The land-based animal life is quite healthy as well, living in a beautiful loud jungle filled with flitting birds, huge dragonflies and monitor lizards about five feet long. We went for a trek over to another beach through the jungle and it was miserable - buggy, filled with mosquitoes, narrow, slippery, crisscrossed with trippable roots and platoons of army ants. We were not enchanted - until we saw the family of dusky langurs heading our way. Four sizeable gorgeous black furry monkeys with white goggles on, accompanied by a smaller juvenile. They were using the path, too, coming from the opposite direction. They saw us, paused, and then advanced matter-of-factly. They veered off the path just a few feet in front of us to eat a mushroom. We watched them eat as they checked us out, too, then they headed off into the dense jungle. Last night, we slept through the commotion of a six-foot long python wandering onto the resort grounds - it took the staff about an hour to wrangle him off the property and safely back into the forest.

At least for marine life, Malaysia seems to have figured it out: protect your pristine wild areas, people will pay lots of money to see them, and everybody benefits. They have many national marine parks, they distribute much comprehensive and easy-to-understand information to their people about why they should protect their wilderness. They also apply creativity, such as banning flippers when they discovered that protected feet make people more likely to stand on/contact corals. They also have recruited teams of volunteer divers to remove the invasive and damaging Crown of Thorns starfish from reefs. This contrasts rather sadly with Cambodia, where we took a half day snorkel trip and saw gorgeous coral - and no fish. In fact, our boat captain fished while we snorkeled and we watched his catch expire on our trip back (we went to the market in Cambodia also, and were very disappointed to find they were fresh out of fried bugs). When one is desperately poor and hungry, what else is there to do? But it's such a sad cycle.

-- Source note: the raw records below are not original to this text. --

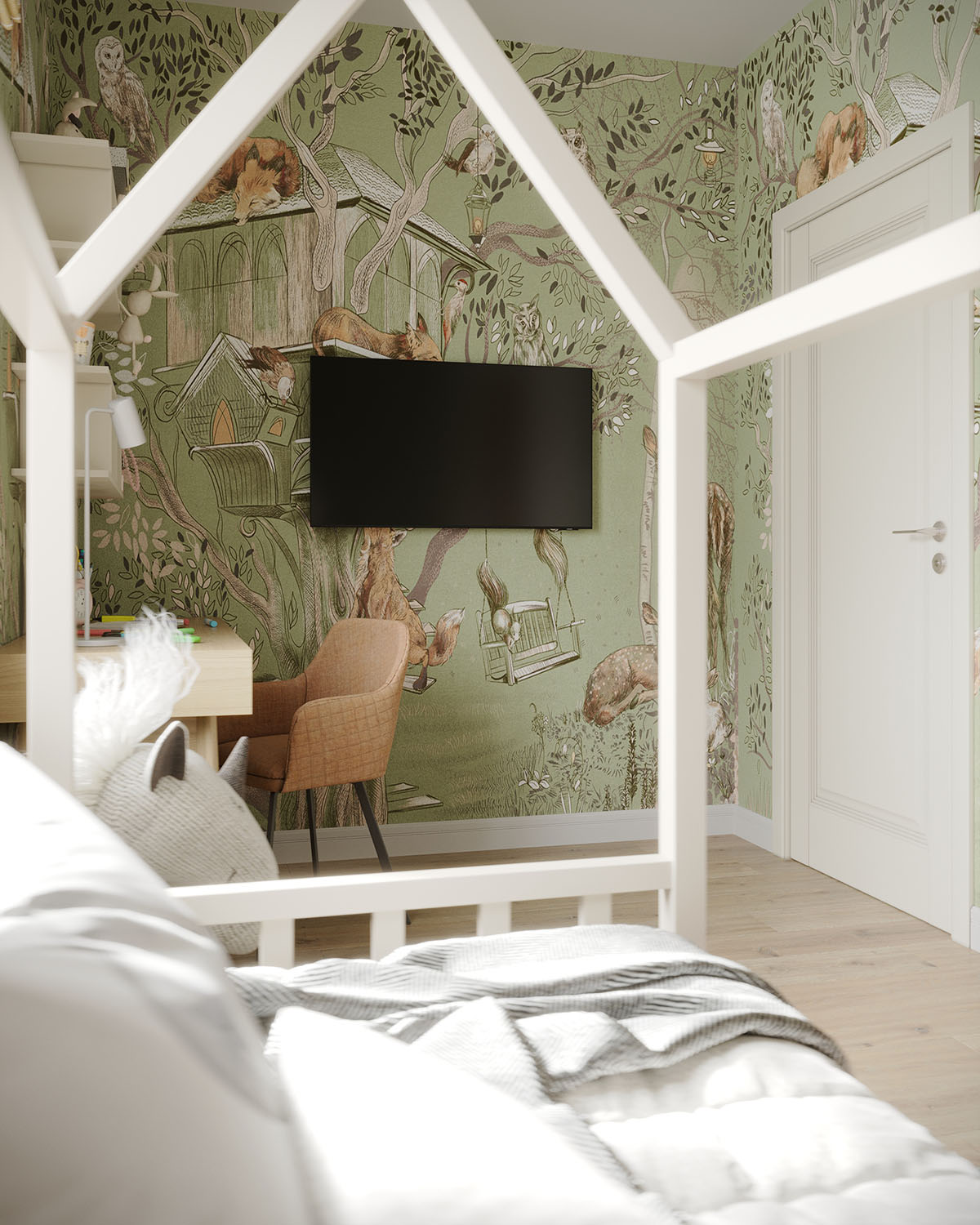 Комната для трехлетней девочки, которая еще верит в сказки и деда Мороза, поэтому обои выбирали «сказочные». Планировка комнаты выполнена таким образом, чтобы в будущем была возможность организовать рабочее место.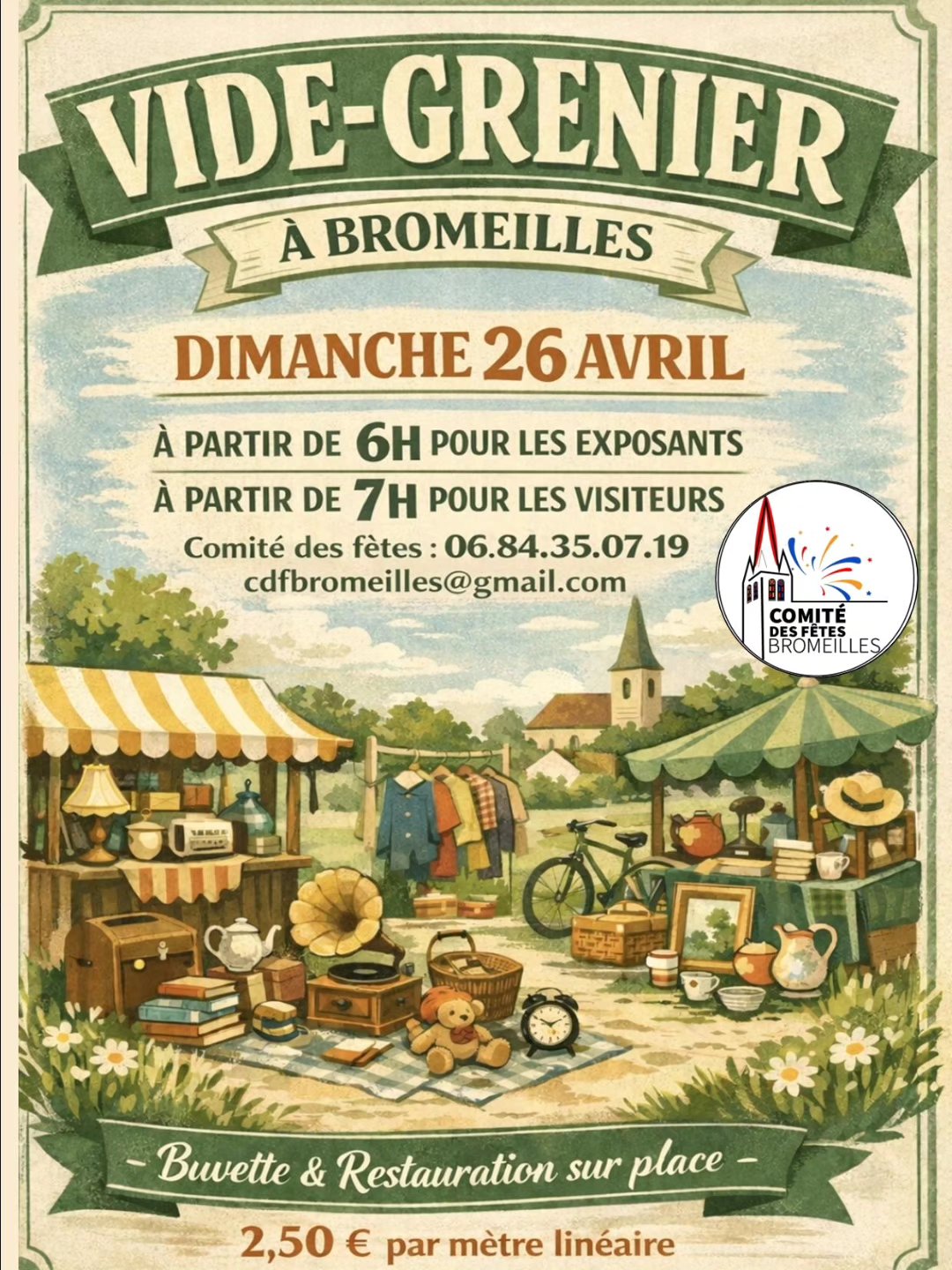 Les personnes souhaitant réserver un emplacement peuvent contacter le Comité des fêtes au 06.84.35.07.19 ou par courriel à l’adresse cdfbromeilles@gmail.com. L’accès reste libre pour les visiteurs, qui pourront flâner entre les stands dès l’aube.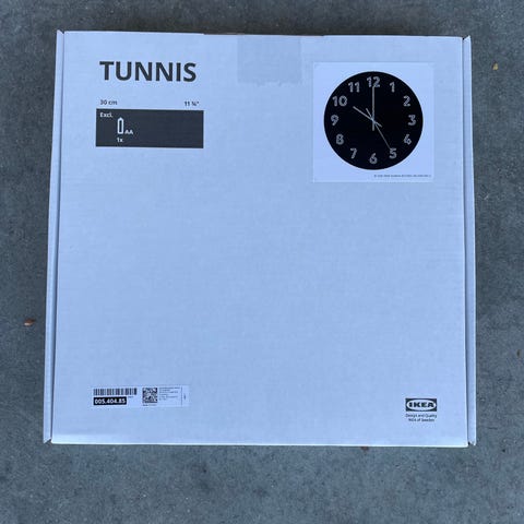 Ikea TUNNIS vægur med en diameter på 30 cm. Uret har sort urskive med tydelige tal og visere. Drives af 1 stk. AA-batteri (medfølger ikke). Velegnet til ophæng i fx køkken, stue, kontor eller værelse.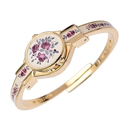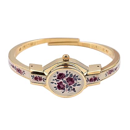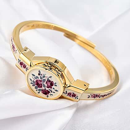 DOD- Andre Mouche -Swiss Ronda Movement Red Floral Pattern Ladies Bangle Watch (Size 6 - 6.5)
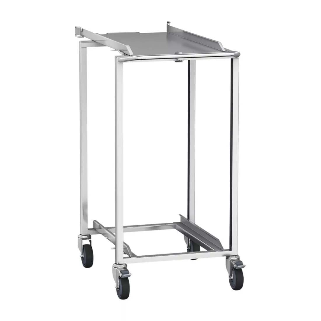 The Rational transport trolley enables the easy loading and unloading of a mobile oven racks. This standard version perfectly matches the height for unit setup on stands.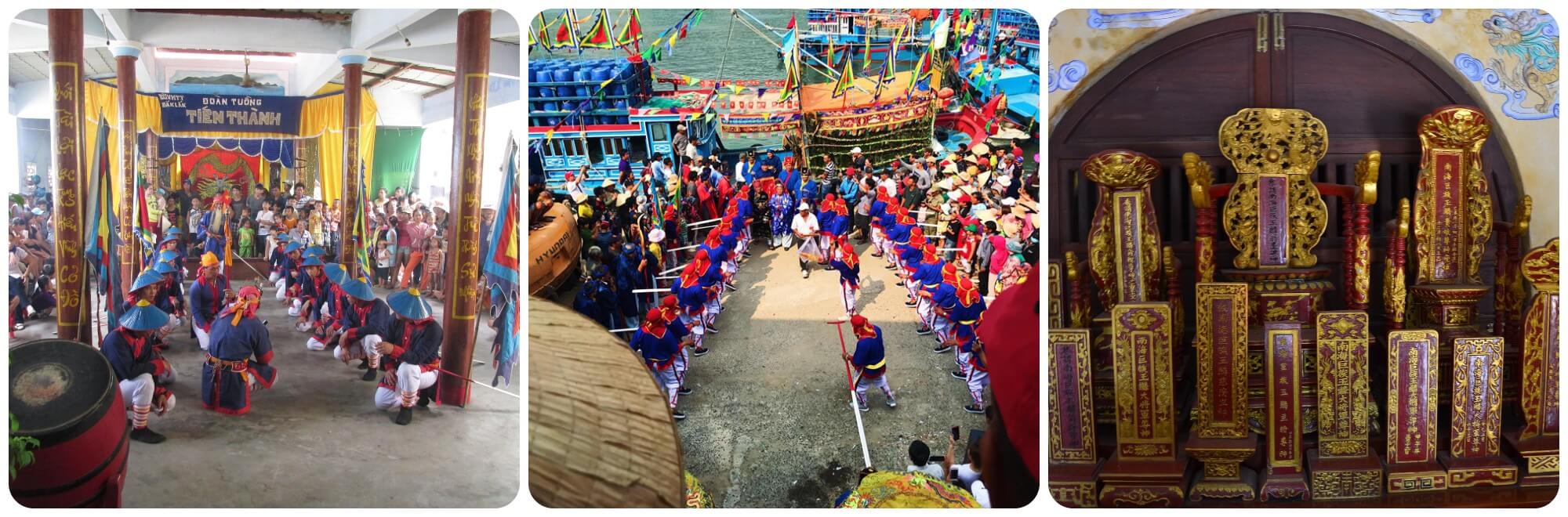 Không chỉ dừng lại ở các lăng thờ,tục thờ cá Ông còn được thể hiện qua lễ hội Cầu ngư – một trong những sự kiện lớn nhất của cư dân biển Khánh Hòa. Lễ hội không chỉ đáp ứng nhu cầu tâm linh mà còn mang lại không gian văn hóa sống động với những nghi thức tế lễ trang nghiêm,các diễn xướng dân gian đặc sắc. Đây là dịp để ngư dân tưởng nhớ các bậc tiền hiền,hậu hiền – những người đã khai phá vùng đất,gầy dựng cuộc sống gắn bó với biển. Đồng thời,lễ hội cũng là lời cầu mong mưa thuận gió hòa,mùa đánh bắt bội thu và sự bình an trong những chuyến ra khơi.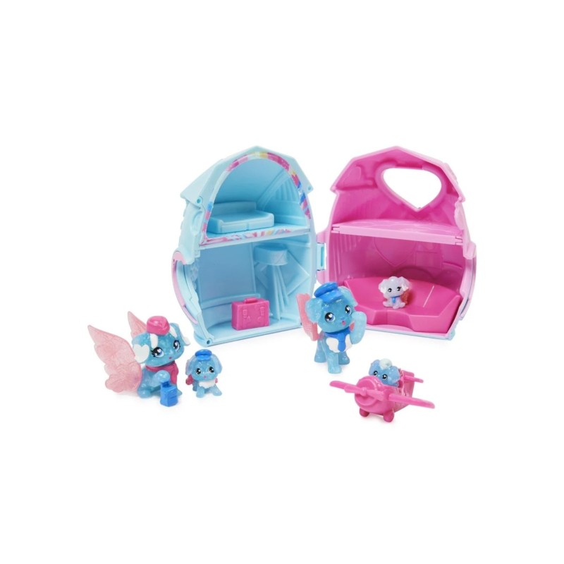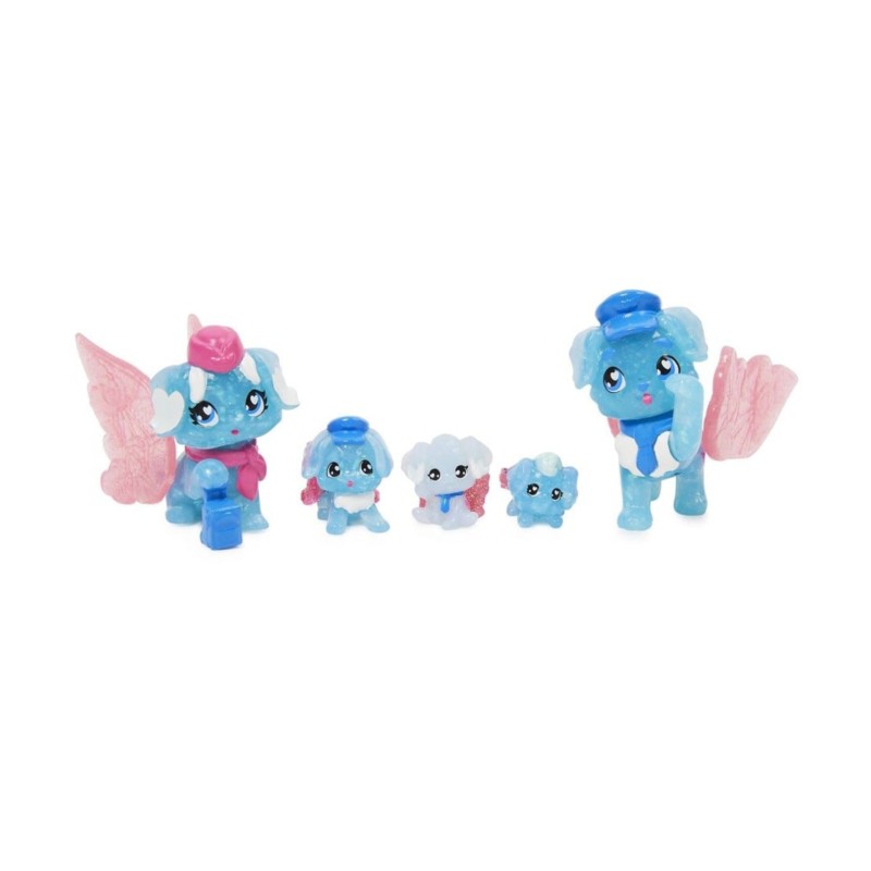 Fiecare pachet de familie este plin de surprize distractive, inclusiv un set de joaca cu o casa de oua, un ou mic Hatchimals cu unul, doi sau trei Bebelusi misteriosi, plus doi parinti Hatchimals, un Copil Mic, trei accesorii si multe altele.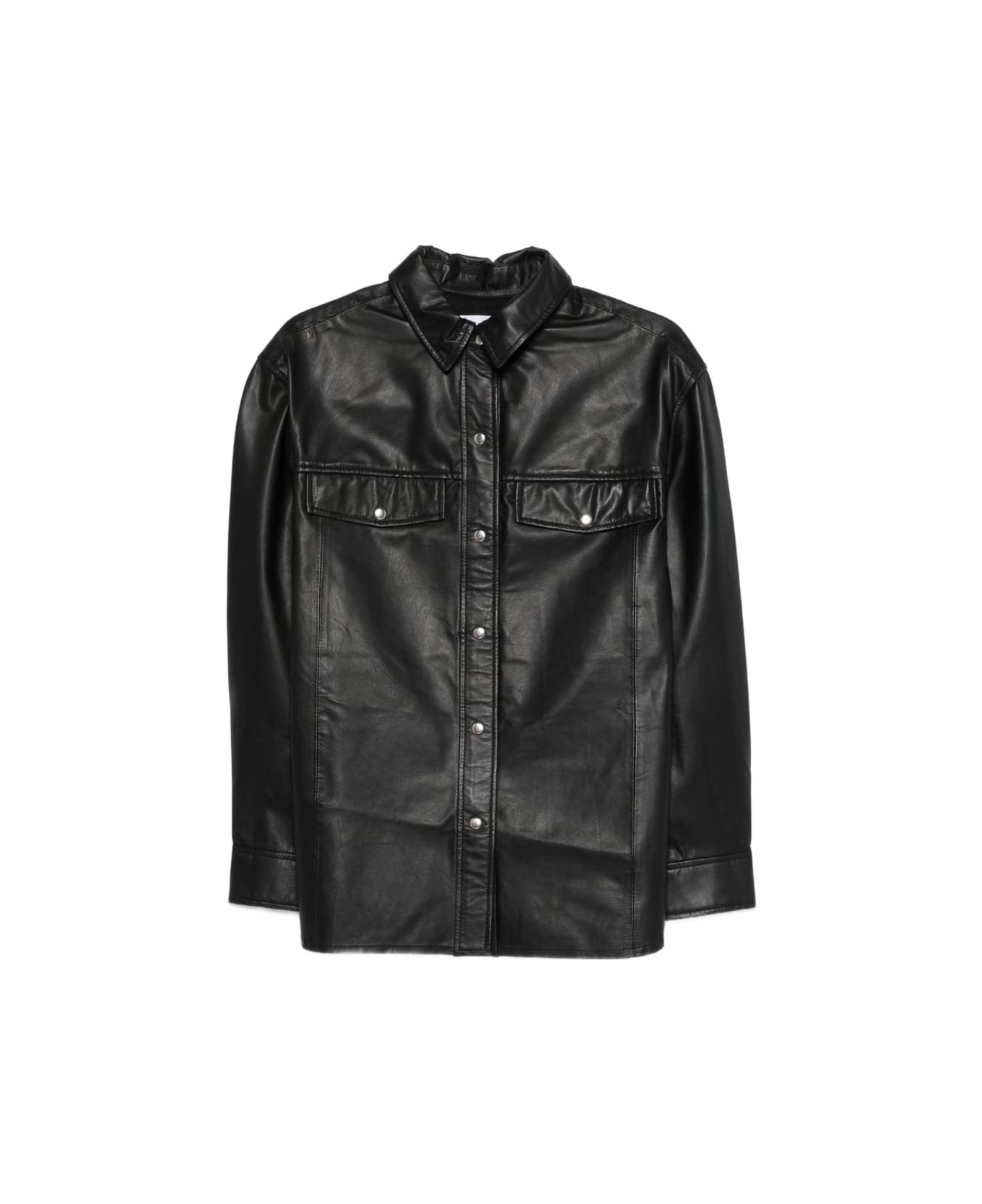 black front press-stud fastening buttoned cuffs two chest pockets long sleeves

Anyway, back to our forest hike: we reached the new beach quite mosquito-bitten and sweaty and hot, so we quickly became another uncomfortable, virtually continuous state since we arrived: salty. I think we've spent at least 75 percent of the time here damp and/or salty. We've managed to avoid serious sunburn, but Jeff has had to employ a unique sunscreen that was nonetheless extremely effective. It's always with you, it completely block the sun's rays, you can get it off with ease though it deploys in an instant and it causes no allergies: his hand (which sat on the top of his head when he forgot his hat). We're leaving tomorrow and perhaps it's for the best: we've all got itchy rashes that only a luxury hotel in Kuala Lumpur can cure.